EXERCISE GOAL ▸ What you give back must match the data exactly, minus the pictures.

STORED DATA ▸
════════════════
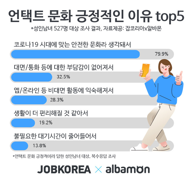 잡코리아(대표 윤병준)가 알바몬과 함께 성인남녀 527명을 대상으로 조사한 결과, 성인남녀 중 73.1%가 언택트 문화를 긍정적으로 보고 있었다. ‘언택트 문화가 긍정적’이란 답변은 20대(74.6%)와 30대(69.9%), 40대 이상(73.2%) 전연령에서 모두 높게 집계됐다. 이들 성인남녀들이 언택트 문화를 긍정적으로 생각하는 이유는 ‘코로나19시대에 맞는 안전한 문화라 생각돼서’, ‘대면/통화 등에 대한 부담감이 없어져서(32.5%)’, ‘앱/온라인을 통한 비대면 활동에 익숙해져서(28.3%)’등이었다(*복수응답).
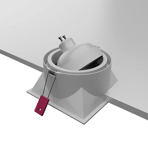 Металлический каркас белого цвета, цоколь GU10, защита IP20.
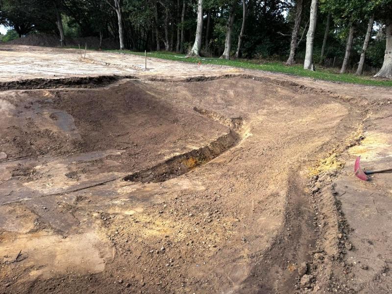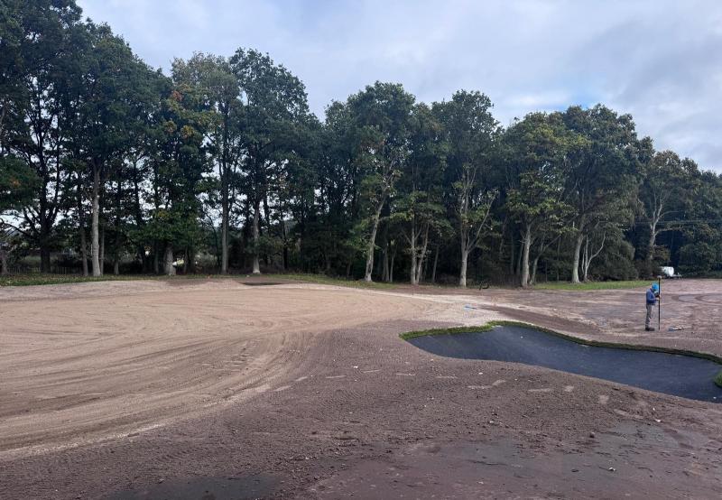 The dugout sub-base for the new green has been approved by the course architect, Simon Gidman. This has allowed the drain lines to be marked in preparation for excavation, pipe installation, and the laying of the stone carpet ahead of the rootzone. Both bunkers have now been shaped and drained, ready for type 1 to be laid before the rubber liner is installed next week.
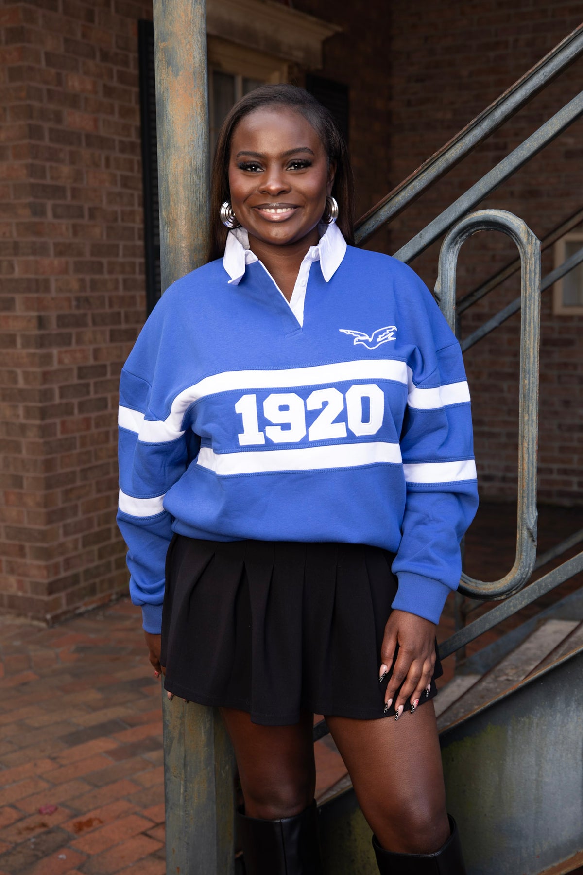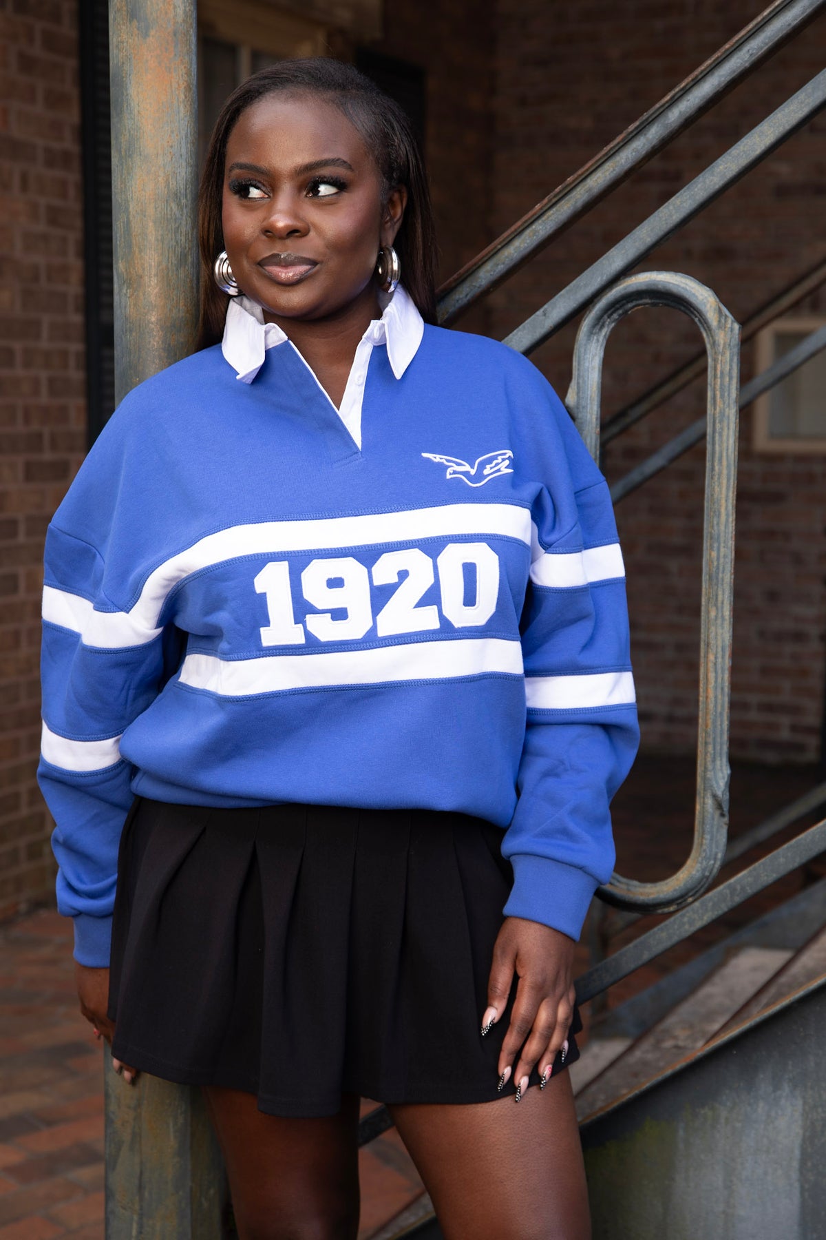 Centered on the front is the iconic “1920” appliqué, honoring the founding year of Zeta Phi Beta Sorority, Inc., while the embroidered dove emblem on the upper chest adds a refined symbolic touch. The traditional rugby-style white collar and relaxed fit make this piece both polished and comfortable, perfect for all-day wear.
════════════════
RESULT ▸
 잡코리아(대표 윤병준)가 알바몬과 함께 성인남녀 527명을 대상으로 조사한 결과, 성인남녀 중 73.1%가 언택트 문화를 긍정적으로 보고 있었다. ‘언택트 문화가 긍정적’이란 답변은 20대(74.6%)와 30대(69.9%), 40대 이상(73.2%) 전연령에서 모두 높게 집계됐다. 이들 성인남녀들이 언택트 문화를 긍정적으로 생각하는 이유는 ‘코로나19시대에 맞는 안전한 문화라 생각돼서’, ‘대면/통화 등에 대한 부담감이 없어져서(32.5%)’, ‘앱/온라인을 통한 비대면 활동에 익숙해져서(28.3%)’등이었다(*복수응답).
 Металлический каркас белого цвета, цоколь GU10, защита IP20.
 The dugout sub-base for the new green has been approved by the course architect, Simon Gidman. This has allowed the drain lines to be marked in preparation for excavation, pipe installation, and the laying of the stone carpet ahead of the rootzone. Both bunkers have now been shaped and drained, ready for type 1 to be laid before the rubber liner is installed next week.
 Centered on the front is the iconic “1920” appliqué, honoring the founding year of Zeta Phi Beta Sorority, Inc., while the embroidered dove emblem on the upper chest adds a refined symbolic touch. The traditional rugby-style white collar and relaxed fit make this piece both polished and comfortable, perfect for all-day wear.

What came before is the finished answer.